A typical ALB rule setup for a microservices API gateway pattern:
For HTTPS listeners you must attach an ACM (AWS Certificate Manager) certificate. ALB supports multiple certificates on one listener via SNI — the listener selects the certificate matching the Host header, so a single ALB can serve dozens of domains.
TLS Termination
ELB terminates TLS at the load balancer by default. The certificate lives in ACM; you never manage private keys on instances. Connections from ALB to targets travel over your VPC private network. For compliance environments (PCI-DSS, HIPAA) that require encryption all the way to the target, you can:
- Install a certificate on the target and configure the target group protocol as HTTPS (ALB re-encrypts), or
- Use an NLB with TLS listener and forward TCP pass-through to the target (end-to-end encryption, the NLB does not decrypt).
TLS security policy selection matters. Always prefer ELBSecurityPolicy-TLS13-1-2-2021-06 (TLS 1.3 + TLS 1.2, strong ciphers only) for internet-facing ALBs. Avoid the older ELBSecurityPolicy-2016-08 which permits TLS 1.0/1.1 — PCI DSS and SOC 2 auditors will flag it.
Health Checks and Failure Modes
ELB health checks are the mechanism that keeps traffic away from broken targets. A target is marked unhealthy after unhealthyThreshold consecutive failures and healthy again only after healthyThreshold consecutive successes.

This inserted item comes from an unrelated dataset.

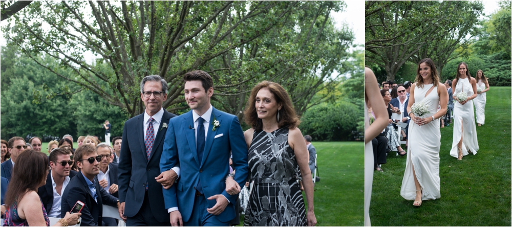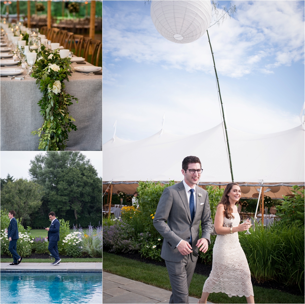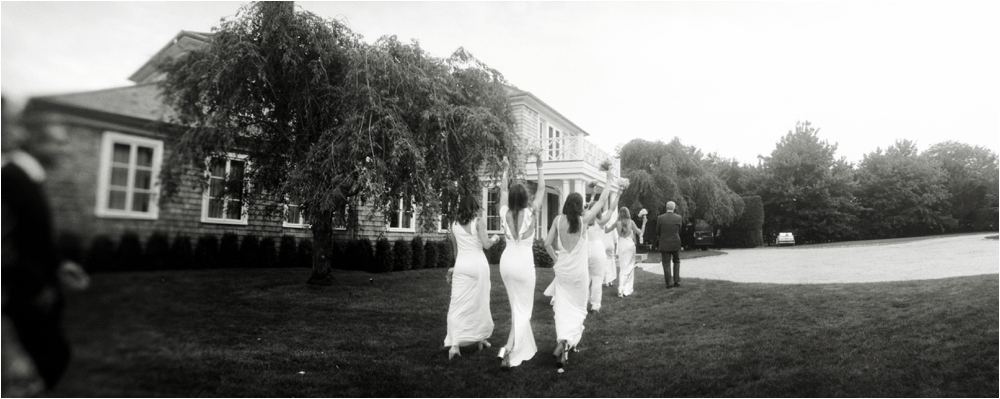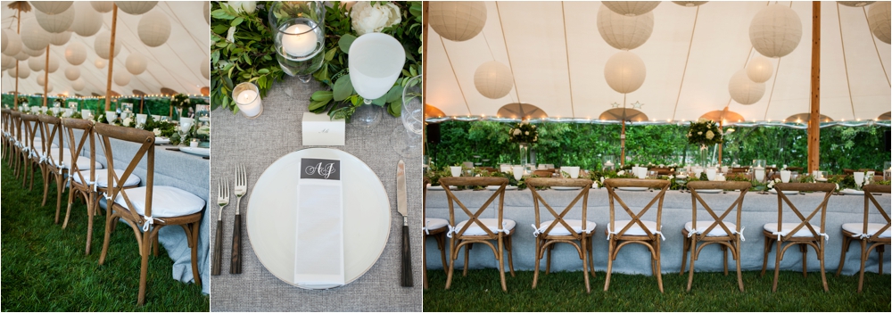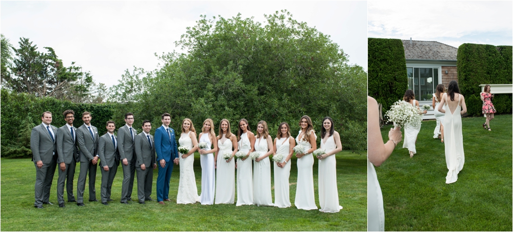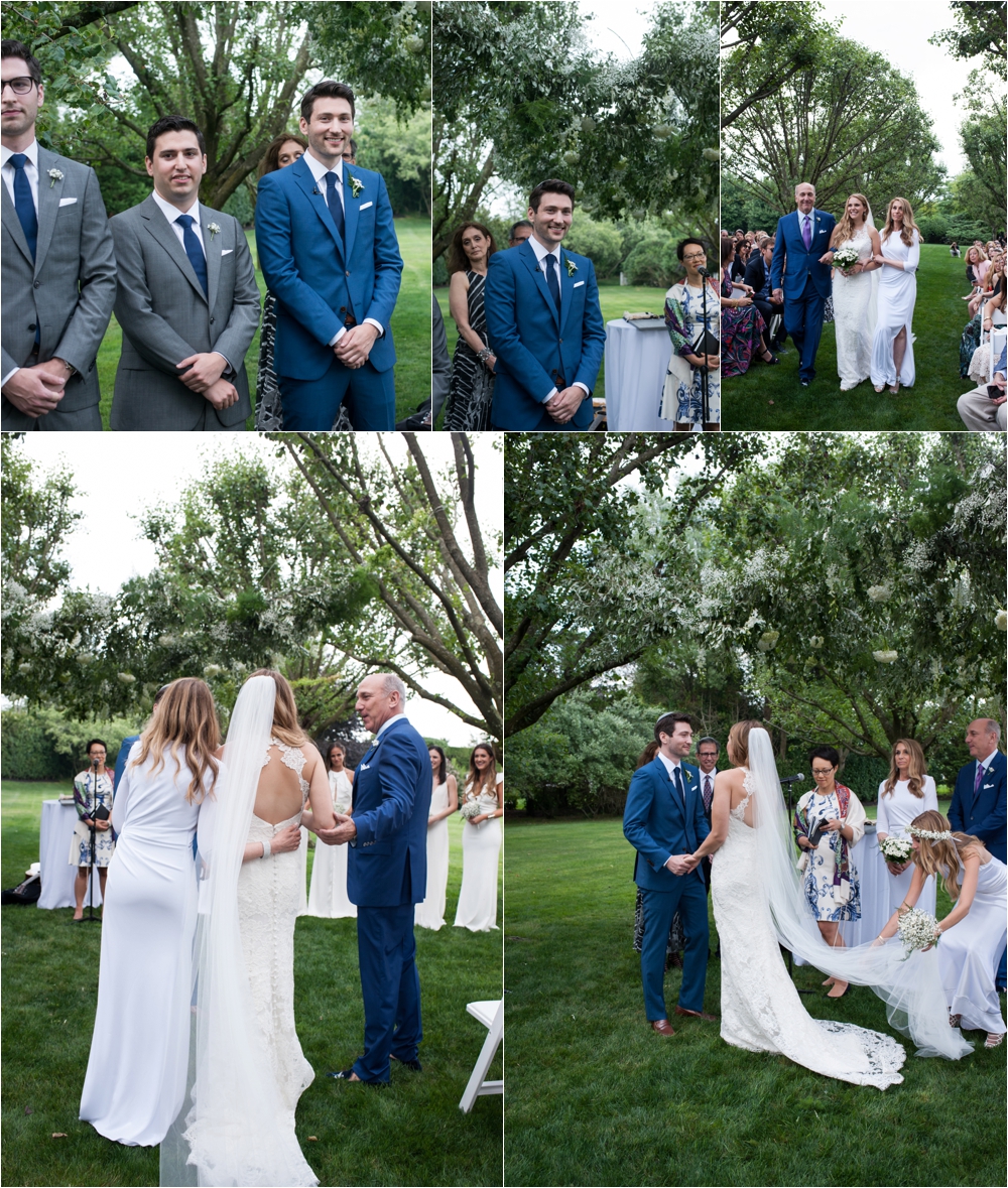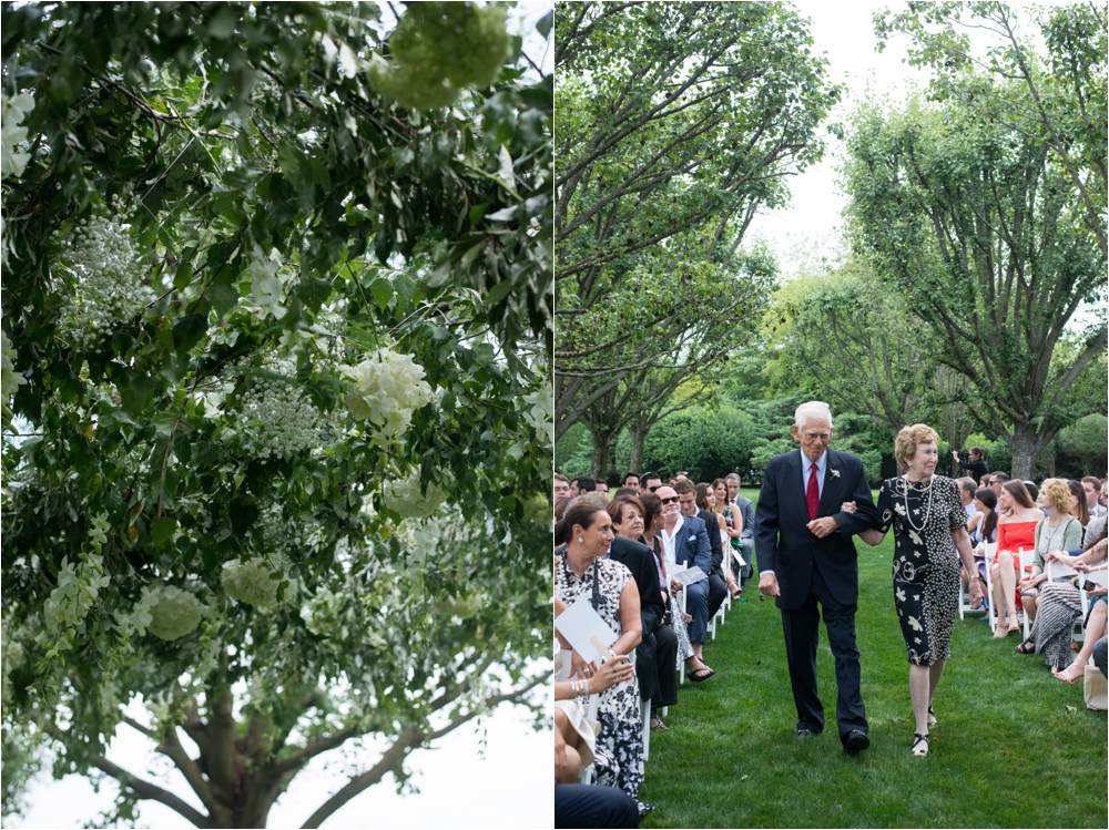Welcome to Ali and Jason’s relaxed backyard affair with a touch of Jay Gatsby, brought to life by Duke and Van Deusen Weddings. Sperry Tents set up one of their signature sail cloth tents at the bride’s summer home in Southampton, NY, Matt Murphy lit the heck out of it with a zillion giant white paper lanterns bride’s summer house, the bridal party rocked it in all white, and Anastasia of Sag Harbor Florist blew us away with her wedding canopy of flowers and branches strung between an aisle of trees.

Common production pitfalls:
- Health check path returning 200 while the app is broken: a shallow
/pingthat always returns 200 will keep an unhealthy target in rotation. Use a deep health check endpoint (/healthz) that verifies DB connectivity, cache reachability, and any critical dependency. - Security group blocking ELB health checks: ALB health checks originate from the ALB nodes themselves within your VPC. The target's security group must allow inbound traffic on the health-check port from the ALB security group (not from the internet).
- Deregistration delay too high: the default 300 s means a rolling deployment waits 5 minutes per batch just draining connections. Tune it to match your p99 request duration.
drop_invalid_header_fields = true in Terraform to prevent HTTP desync (request-smuggling) attacks.
Cross-Zone Load Balancing
By default, each ALB node (one per AZ) only distributes requests to targets registered in its own AZ. With cross-zone load balancing enabled (the default for ALB, optional for NLB), each node distributes requests evenly across all registered targets in all AZs. This eliminates the need to maintain an equal number of targets per AZ — critical when Auto Scaling groups span AZs and instance counts are uneven. NLB charges for cross-AZ data transfer when cross-zone load balancing is enabled; ALB does not.
Mastering ELB — especially the interplay between listener rules, target group health checks, deregistration delays, and TLS policy selection — is what separates engineers who "just get it working" from engineers who build systems that survive real production failures.